I find myself pondering nature vs. nurture almost daily.
What is Nature vs. Nurture?
Nature vs nurture is a long standing debate in science about the balance of factors that determine why we are each the way we are.
To what extent are you shaped by your genes?
To what extent are you shaped by the environment you’ve grown up in?
Is it nature - genetics, are we born that way?
Or is it nurture - our environment?
This is a complex debate, and it turns out it’s not so much nature versus nurture - but nature with nurture.
Why is this interesting?
I always find myself wondering about the massive mix of factors that make up ourselves and our lives. It’s fairly easy to imagine the impact of nurture - the influence of our parents or caregivers and our friends for example.
Sometimes it’s harder to see the impact of genes. Some would say in today’s society we tend to downplay the impact of genes:
“our intellectual mainstream is committed to” …[the false idea of the blank slate, which is] “the idea that the human mind has no inherent structure and can be inscribed at will by society or ourselves”
What’s more, nature and nurture can interact. More complexity is added when you consider epigenetics - the study of how your behaviors and environment affect the way your genes work.

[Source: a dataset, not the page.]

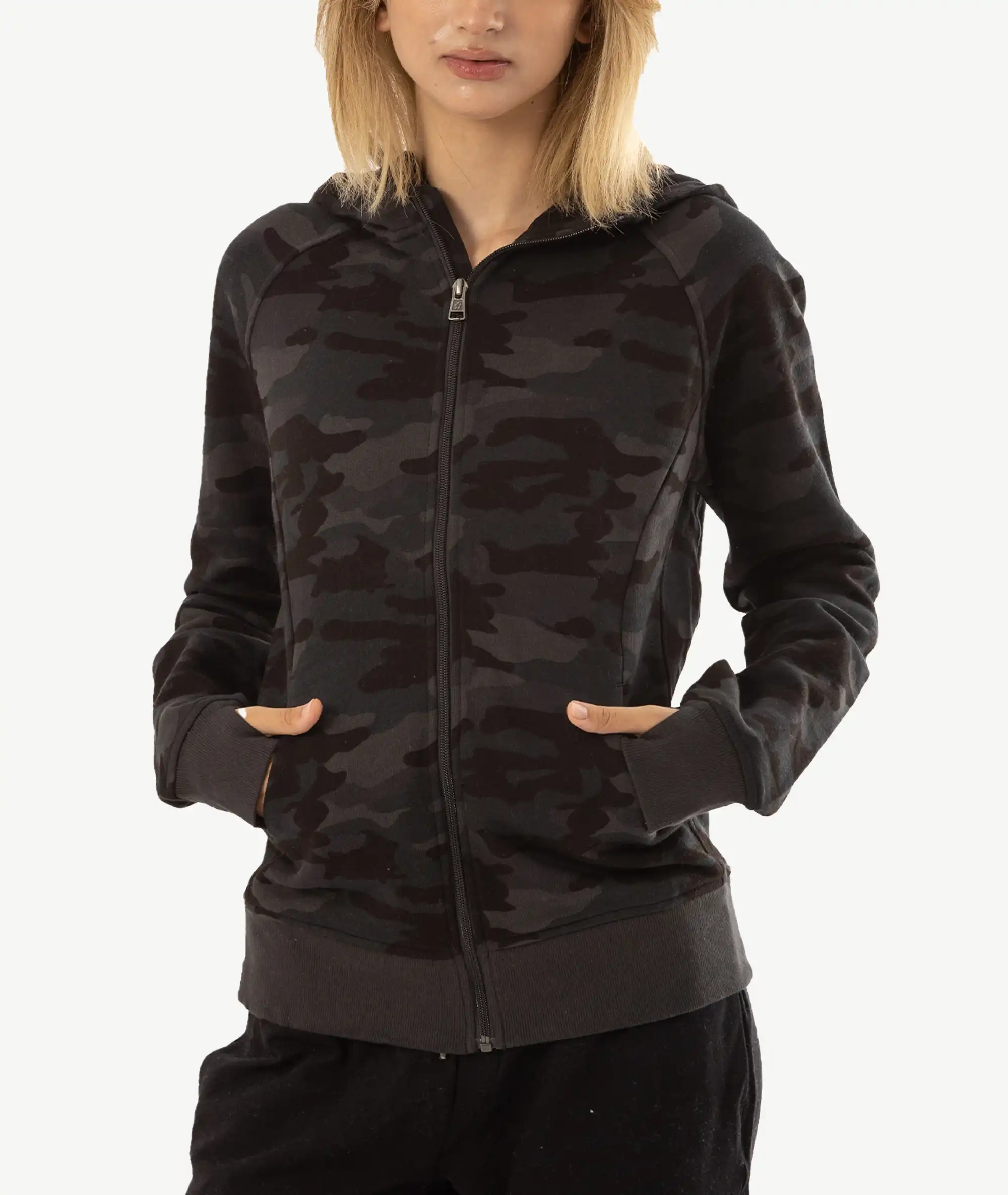 Veste à capuche en molleton doux, imprimé camouflage noir/gris. Coupe regular, zip intégral, 2 poches latérales, bords-côtes aux poignets et à la base. Chaud et polyvalent pour le sport comme le quotidien.

I like how Gabor Mate puts it:
In the real world there is no nature vs. nurture argument, only an infinitely complex and moment-by-moment interaction between genetic and environmental effects.
Want to go deeper?
🔖 This New Scientist post is a great deeper dive
💎 I like this gem:
It’s not that good parenting produces good children,
it’s that good children produce good parenting.
📖 The Nurture Assumption is a long but fascinating read, it’s worth it.
🤔 What’s your natural happiness level? Research shows a “happiness set point” that might be inborn:
The baseline level of happiness, or set point, is higher for some people than for others. In other words, some of you are naturally, or dispositionally, happier than others.
📚 Biographies are fun to read, but best considered fictional:
if we look at one particular person, it’s easy to come up with a story about how the home environment (the critical, demanding mother, the ineffectual father) shaped the child’s personality and produced the messed-up grownup we see today. That kind of post hoc speculation—unprovable, undisprovable—is the stock-in-trade of biographers.
🙃 To flip it all upside down read the mind bending The Case Against Reality!